Avrupa sineması dersen kişisel hezeyanlar ve varoluş bunalımlarıyla uğraşıp insanın yabancılaşması olgusunun suyunu çıkırmakla meşgul. Yeni Dalga, Free Cinema gibi ayrıksı akımların mirasını yiyip tükettiler çoktan. Kore’den birkaç önemli adam çıktı demiştik ki bir de baktık anında şovşak olmuş, uluslararası sinema çarklarına sızıp milyon dolarcıklar kazanmak için türlü ödünü vermişler. (Park Chan Wook)

Şu anda birkaç özel insanın dışında Türkiye’yi ele almaya bile gerek yok.

İnsanları beyinsizleştirerek kolay tüketime yönlendirmek için elinden geleni yapan kapitalizmin üretim yapısı açısından paraya dayalı bir sanatın bağımsızlığına köstek olacağı daha başından belliydi.

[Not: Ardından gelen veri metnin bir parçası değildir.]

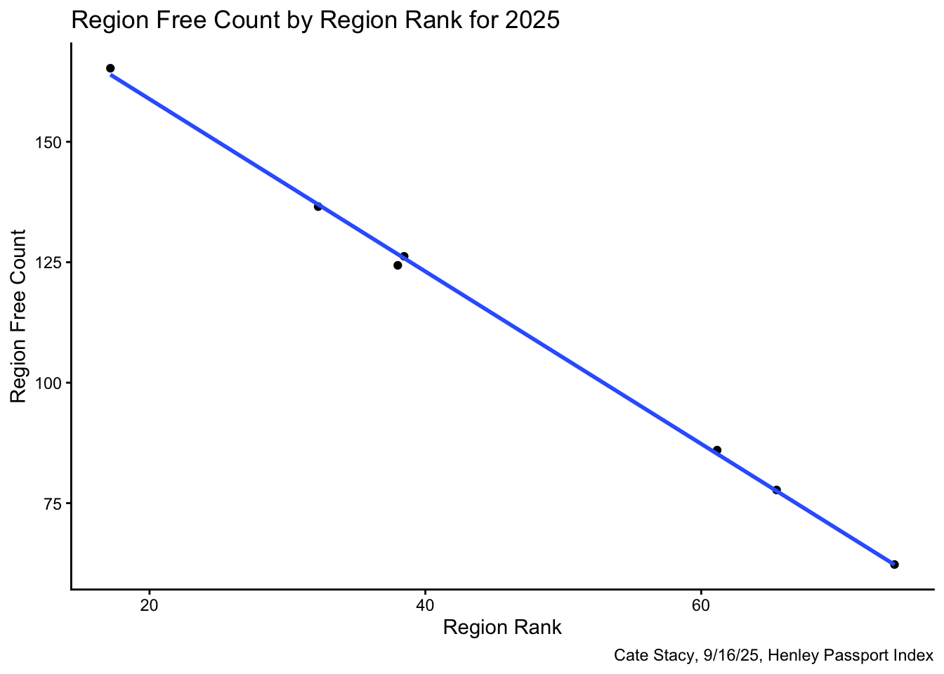 labs(x = "Region Rank", y = "Region Free Count", title = "Region Free Count by Region Rank for 2025", caption = "Cate Stacy, 9/16/25, Henley Passport Index")
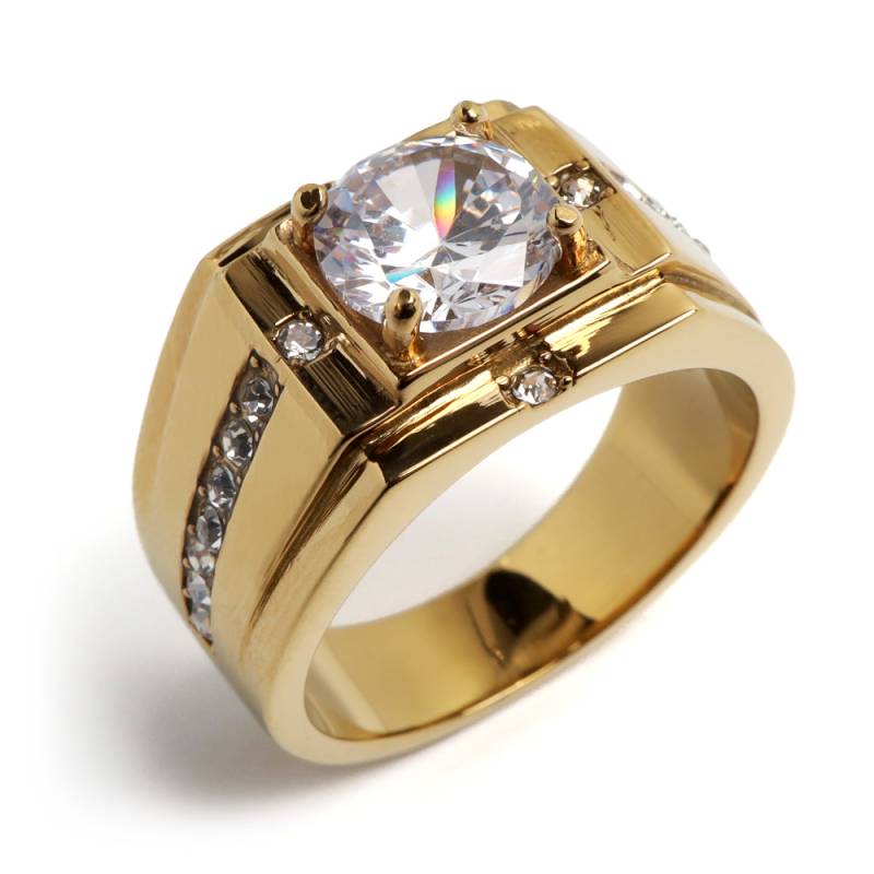 ステンレス 一粒 印台リング ワイド [r586-gold]

Bu vakitten sonra yapılması gereken şey tekellerin tuzağına düşmeyip yerel konularda saf anlatımlarla halka dönmek ve sanatı bir silah gibi kullanıp çevremize örülen duvarlara saldırmaktır. Görsel sanatların yetenekli, onurlu gerçek sanatçıların elinde müthiş bir güce dönüşebileceğini unutmayarak dört bir yana dağılmış sahtekarları eleştirip doğduğuna pişman etmek ve nitelikli insanların bu, elit çevrelerce köşe başları tutulmuş alana sızmasına olanak tanımak için her türlü özveride bulunmaktan başka bir çare olmadığını bilmeliyiz.

Yaşasın kaybedilmiş sinema ruhu yaşasın gerçek sinemacılar!

DEMOKRASİ

Demokrasi medya, işbirlikçi çevreler ve devlet eliyle yalak ya da faşist ama mutlaka çıkarcı cahiller üretip onların oy hakkını emperyalist ülkelere pazarlama, kültürlü kesimden de bu soytarılığa saygı duymalarını bekleme üzerine kurulmuş bir yapay sistemdir. Bu sistemde dürüst, zeki ve onurlu azınlık kitlenin ezilmesi kaçınılmazdır.

TARİH

Tarih yanılgıların ve çöken umutların estetik ameliyatlı halleriyle hatırlanmasıdır.